◆ **Data in this exercise**
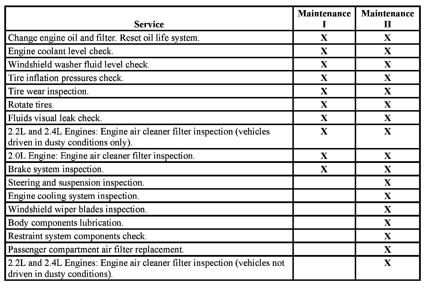 2.2L and 2.4L Engines: Engine air cleaner filter inspection (vehicles not driven in dusty conditions).
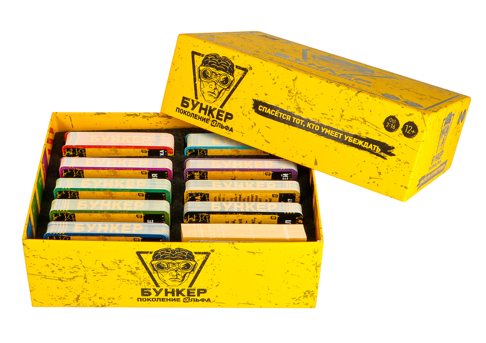 Знакомые полюбившиеся механики "Бункера" не изменились: получив случайные карты, игрок убеждает всех в своей незаменимости и устраняет конкурентов. Новизна в содержании! "Бункер. Поколение Альфа" готов порадовать свежим контентом. Фирменный юмор, непредсказуемость и вариативность поддержат три новые колоды карт: "Фобии" (все-все настоящие!), "Характер" (а не суетолог ли ты, дружок?) и "Суперсила" (детская мечта о суперспособностях).
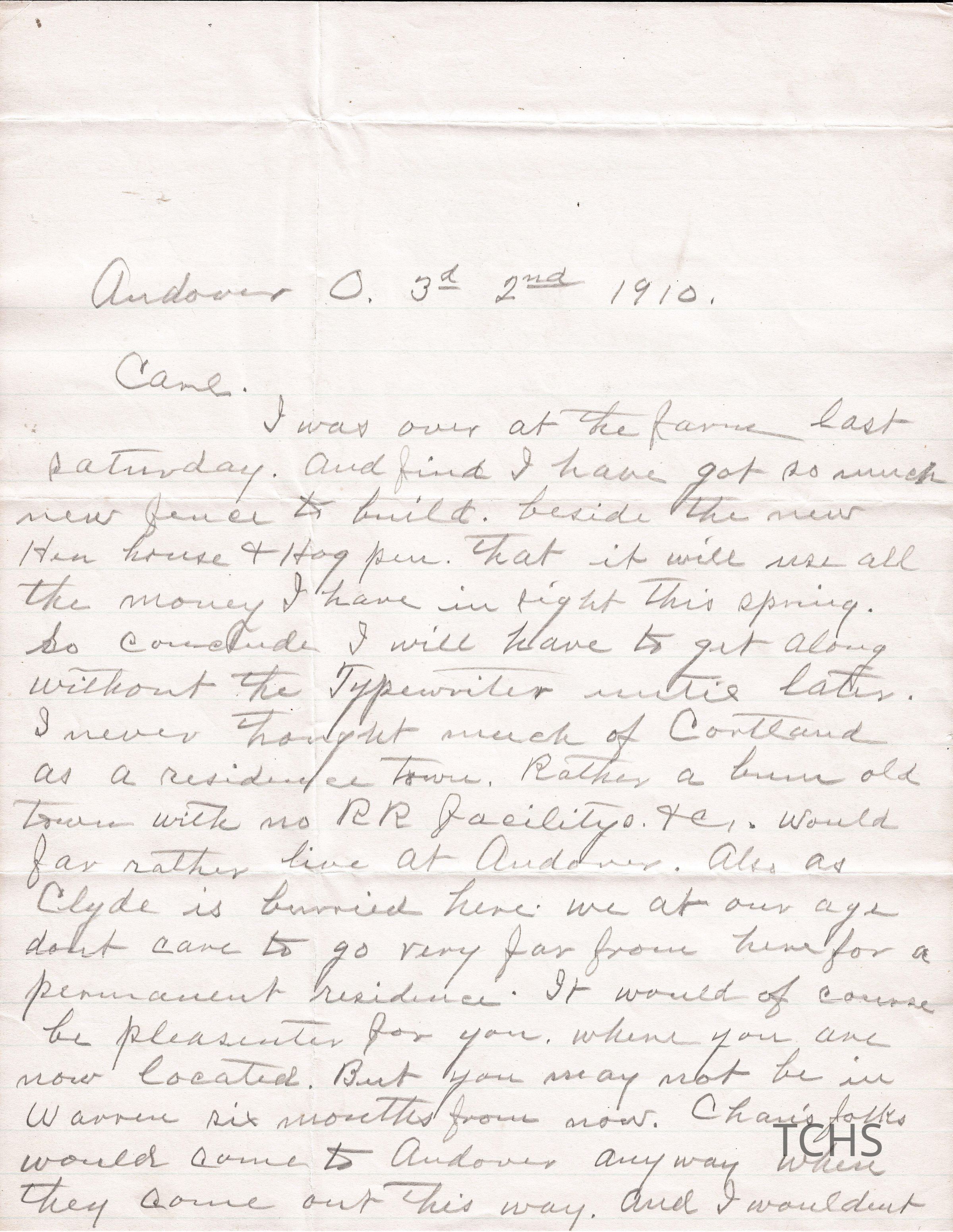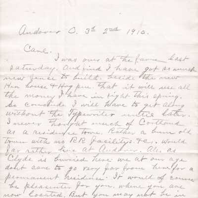 From A.W. Griffing to his son A.C. Griffing, March 2nd (?), 1910Acquisition
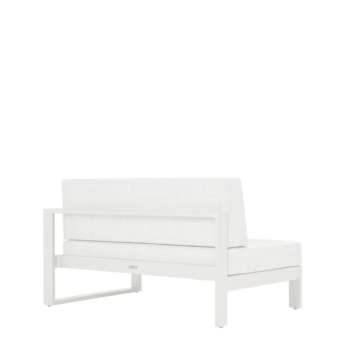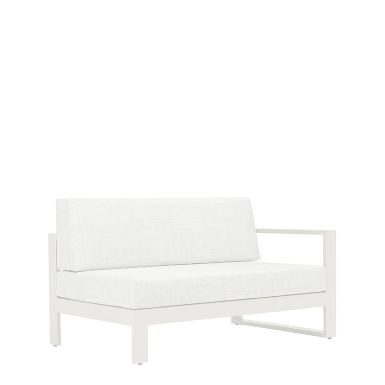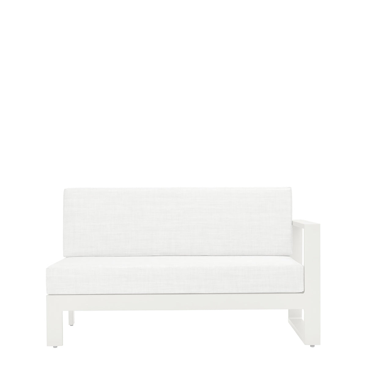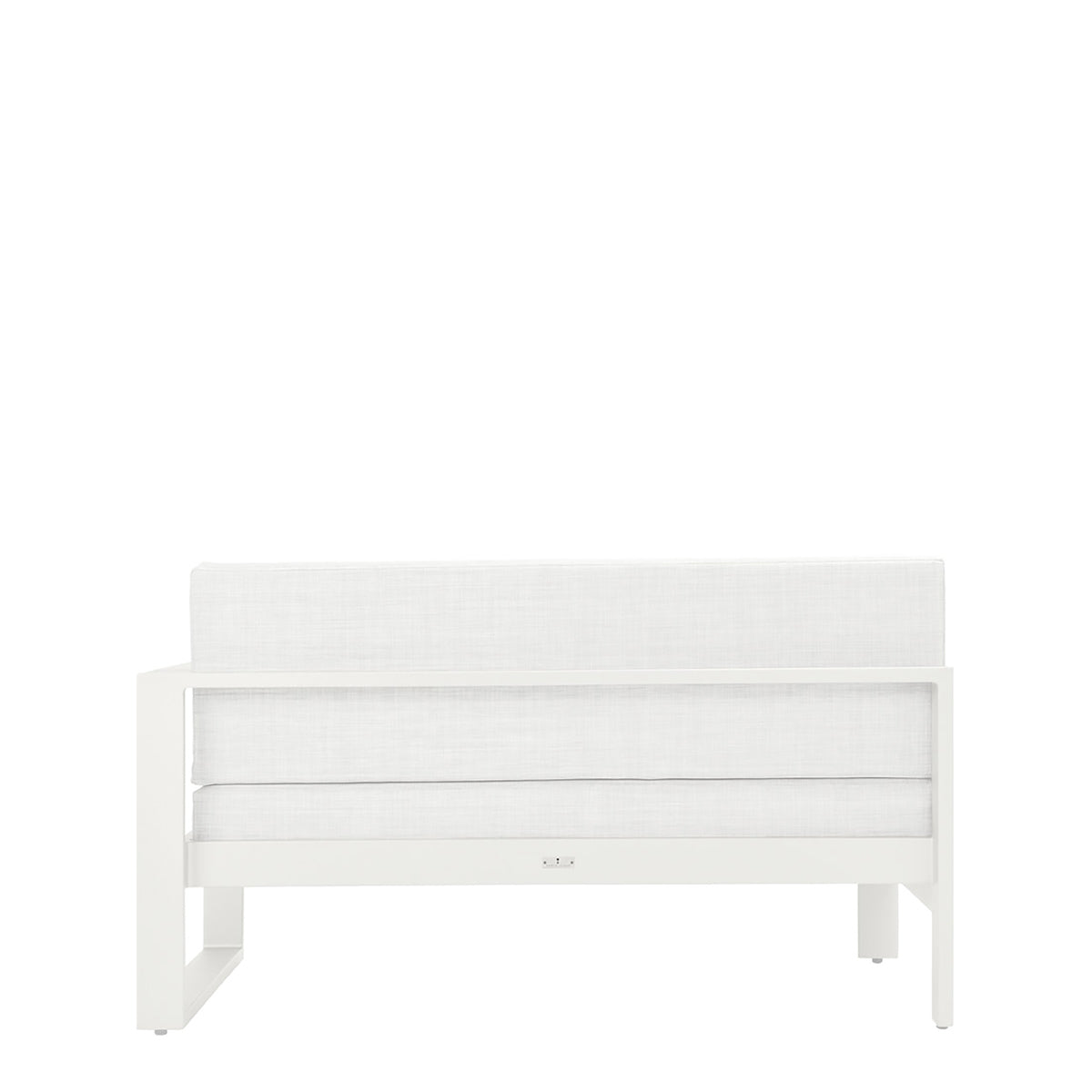 An open, squared frame at the left side of the module allows it to serve as an endpoint in endless configurations of customizable, modular seating, or the piece may be placed on its own as a recamier.
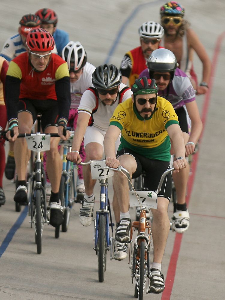 Der skurrile Wettbewerb soll an die goldenen Zeiten der Klappradkultur und des Oberlippenbarts in den 70er Ja hren erinnern. Zwingende Voraussetzung für die Teilnahme war neben einem mindestens 30 Jahre alten Klapprad ohne Gangschaltung ein echter "Porno-Balken" zwischen Mund und Nase. Die besten Verkleidung - vom Schottenrock bis zur holländischen Tracht - wurden vom Publikum mit extra Jubel bedacht.
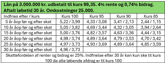 I tabellerne her er lånet optaget med et lille kurstab i starten og indfries undervejs til en måske lavere kurs. Men man kan jo også blive fristet af at optage et 3,5% lån i stedet for 4%.
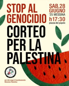 un corteo cittadino il 28 giugno 2025 a Messina, per dire basta al genocidio del popolo palestinese.
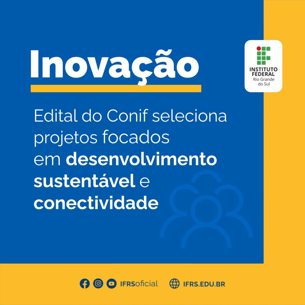 Servidores e estudantes do Instituto Federal de Educação, Ciência e Tecnologia do Rio Grande do Sul (IFRS) podem participar da seleção de protótipos de soluções e inovações voltadas ao desenvolvimento sustentável com uso de tecnologias de conectividade. A iniciativa é do Conselho Nacional das Instituições da Rede Federal de Educação Profissional, Científica e Tecnológica (Conif), em parceria com a Confederação Nacional da Tecnologia da Informação e Comunicação (ConTIC) e com apoio operacional da Telebrasil. As inscrições vão até 20 de março de 2026 e os detalhes estão divulgados no Edital Conif/ConTIC nº 02/2026.
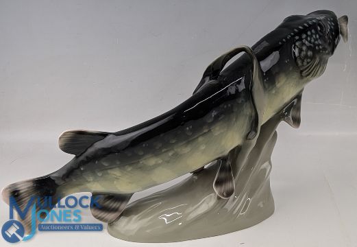 Royal Dux Model of a Pike with fish in its mouth - 820-27 mark to base, 51cm wide, in good condition
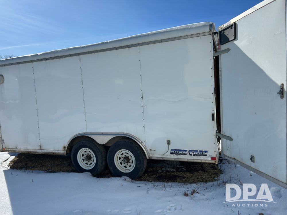 2012 Sure Trac Enclosed Chemical Trailer (CP1594), rear cargo doors, double curb side doors, tandem axle.
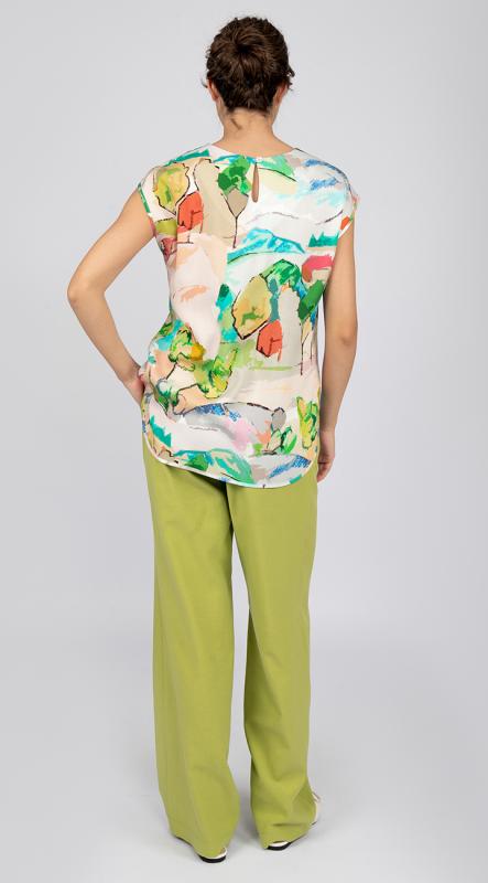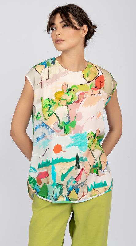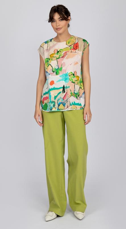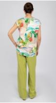Эффектный топ полуприлегающего силуэта из вискозы с ярким принтом подарит его обладательнице хорошее настроение на весь день. Идеальный вариант для летнего гардероба в сочетании с брюками от OPEN FASHION.

◆ **What to do**
Your copy should repeat each entry above exactly but contain no pictures.

◆ **Problem solution**
 2.2L and 2.4L Engines: Engine air cleaner filter inspection (vehicles not driven in dusty conditions).
 Знакомые полюбившиеся механики "Бункера" не изменились: получив случайные карты, игрок убеждает всех в своей незаменимости и устраняет конкурентов. Новизна в содержании! "Бункер. Поколение Альфа" готов порадовать свежим контентом. Фирменный юмор, непредсказуемость и вариативность поддержат три новые колоды карт: "Фобии" (все-все настоящие!), "Характер" (а не суетолог ли ты, дружок?) и "Суперсила" (детская мечта о суперспособностях).
 From A.W. Griffing to his son A.C. Griffing, March 2nd (?), 1910Acquisition
 An open, squared frame at the left side of the module allows it to serve as an endpoint in endless configurations of customizable, modular seating, or the piece may be placed on its own as a recamier.
 Der skurrile Wettbewerb soll an die goldenen Zeiten der Klappradkultur und des Oberlippenbarts in den 70er Ja hren erinnern. Zwingende Voraussetzung für die Teilnahme war neben einem mindestens 30 Jahre alten Klapprad ohne Gangschaltung ein echter "Porno-Balken" zwischen Mund und Nase. Die besten Verkleidung - vom Schottenrock bis zur holländischen Tracht - wurden vom Publikum mit extra Jubel bedacht.
 I tabellerne her er lånet optaget med et lille kurstab i starten og indfries undervejs til en måske lavere kurs. Men man kan jo også blive fristet af at optage et 3,5% lån i stedet for 4%.
 un corteo cittadino il 28 giugno 2025 a Messina, per dire basta al genocidio del popolo palestinese.
 Servidores e estudantes do Instituto Federal de Educação, Ciência e Tecnologia do Rio Grande do Sul (IFRS) podem participar da seleção de protótipos de soluções e inovações voltadas ao desenvolvimento sustentável com uso de tecnologias de conectividade. A iniciativa é do Conselho Nacional das Instituições da Rede Federal de Educação Profissional, Científica e Tecnológica (Conif), em parceria com a Confederação Nacional da Tecnologia da Informação e Comunicação (ConTIC) e com apoio operacional da Telebrasil. As inscrições vão até 20 de março de 2026 e os detalhes estão divulgados no Edital Conif/ConTIC nº 02/2026.
 Royal Dux Model of a Pike with fish in its mouth - 820-27 mark to base, 51cm wide, in good condition
 2012 Sure Trac Enclosed Chemical Trailer (CP1594), rear cargo doors, double curb side doors, tandem axle.
Эффектный топ полуприлегающего силуэта из вискозы с ярким принтом подарит его обладательнице хорошее настроение на весь день. Идеальный вариант для летнего гардероба в сочетании с брюками от OPEN FASHION.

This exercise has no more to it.